A parent with a one and two-year old in England, paying an hourly rate for 40 hours a week of childcare, could see their disposable income fall by £14,500 if their pre-tax pay crosses £100,000, it said.

That would mean a parent earning £130,000 a year would be worse off than one earning £99,900, according to the IFS’s analysis. 

It said for those with higher childcare costs, ‘the distortions are even more absurd’. And in London, a similar parent, using 50 hours per week, would see a £20,000 fall in disposable income when their pre-tax earnings cross £100,000.

Parents would ‘inevitably’ increase their pension contributions to avoid the issue, the IFS said.

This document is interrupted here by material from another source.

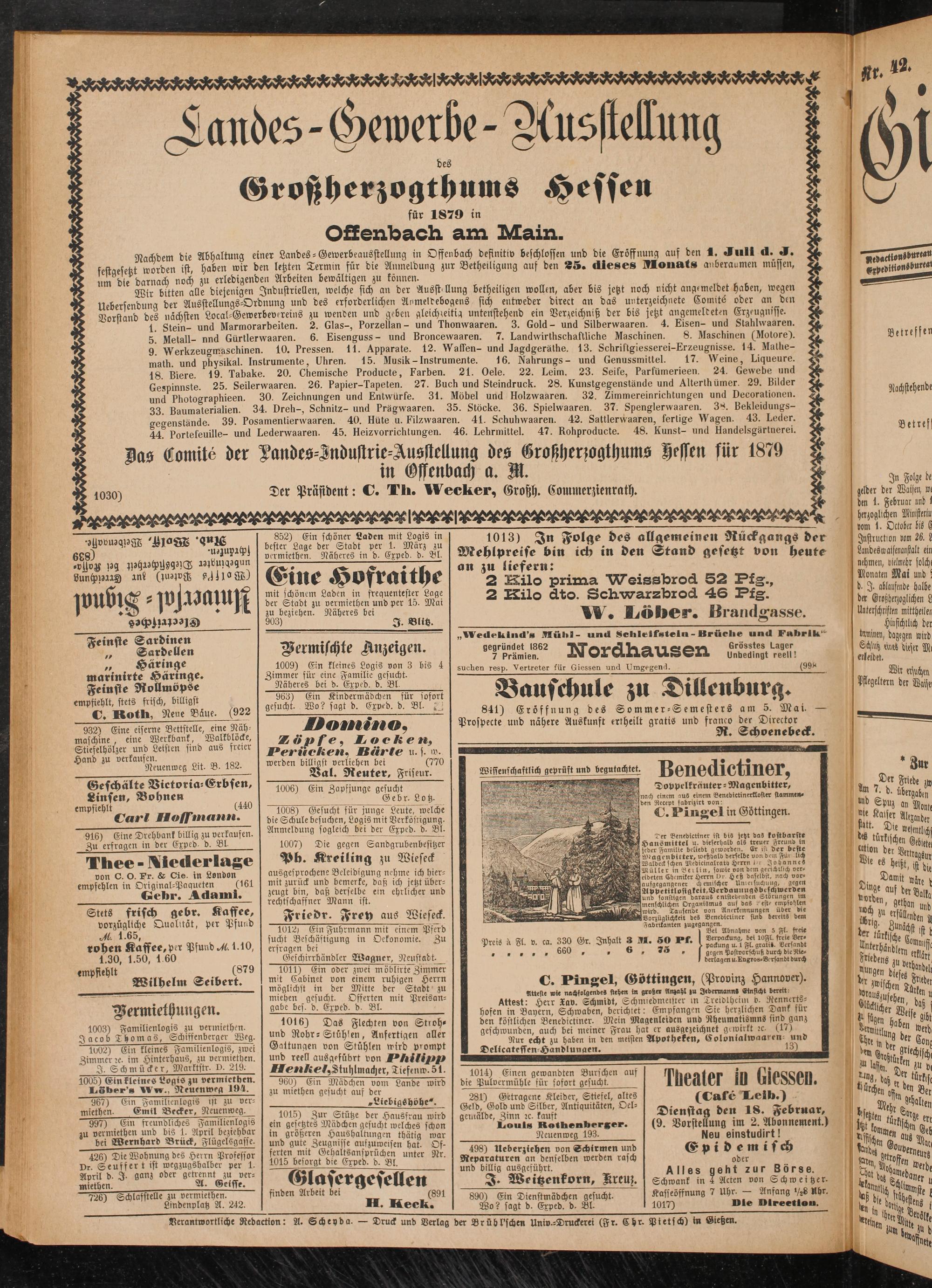 Das Comite der Mndes-Indussrie-Ausftellung des Großherzogthums Hessen für 1879 8 in Ossenbach a. M. M

Robert Joyce, deputy director of IFS, said: ‘The 30-hour offer is, together with tax-free childcare, removed in its entirety when earnings reach £100,000. This means that high earning parents can be worse off overall even after a pay rise of tens of thousands of pounds, especially in high-cost areas and where they have two or more pre-school children.’

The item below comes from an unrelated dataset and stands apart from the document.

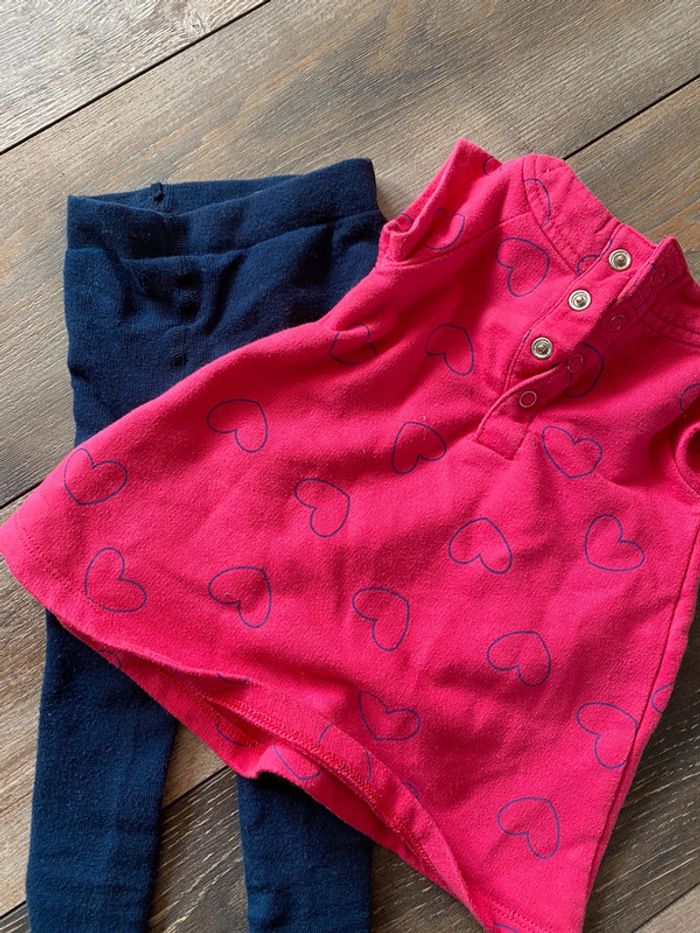 Ensemble fille kitchoun 1mois robe rose cœurs bleus - photo numéro 3

Mr Hunt has pledged to increase the funding paid to nurseries to provide 30 hours a week of free childcare. But while the hourly rate will go from £6 to £8 per hour for two-year-olds, the rise for three and four-year-olds is much smaller – up from £5.29 to around £5.50.

The entitlement to 30 hours a week of free childcare will apply to children aged from nine months to four years from September 2025

Neil Leitch, chief executive of the Early Years Alliance, which represents 14,000 childcare providers, said: ‘We all know the early years sector is in desperate need of more funding. 

But the uplift announced in the Budget doesn’t look as though it will come anywhere close to plugging the ever-widening gap between funding and the cost of delivering high-quality early years places.’

He said nurseries, pre-schools and childminders have been forced to grapple with ‘severe underfunding’ for years, which has placed ‘unbearable’ pressure on the sector.

‘This, coupled with a severe recruitment and retention crisis, has meant that providers have been left with no option but to increase fees, limit hours, reduce places and in an increasing number of cases, close completely,’ he added.

‘What’s more, the expansion of the 30-hour offer will heap unsustainable pressure on the sector if it is implemented before necessary infrastructure is in place.’

The Chancellor said extending the 30 hours of free childcare would help parents get back to work.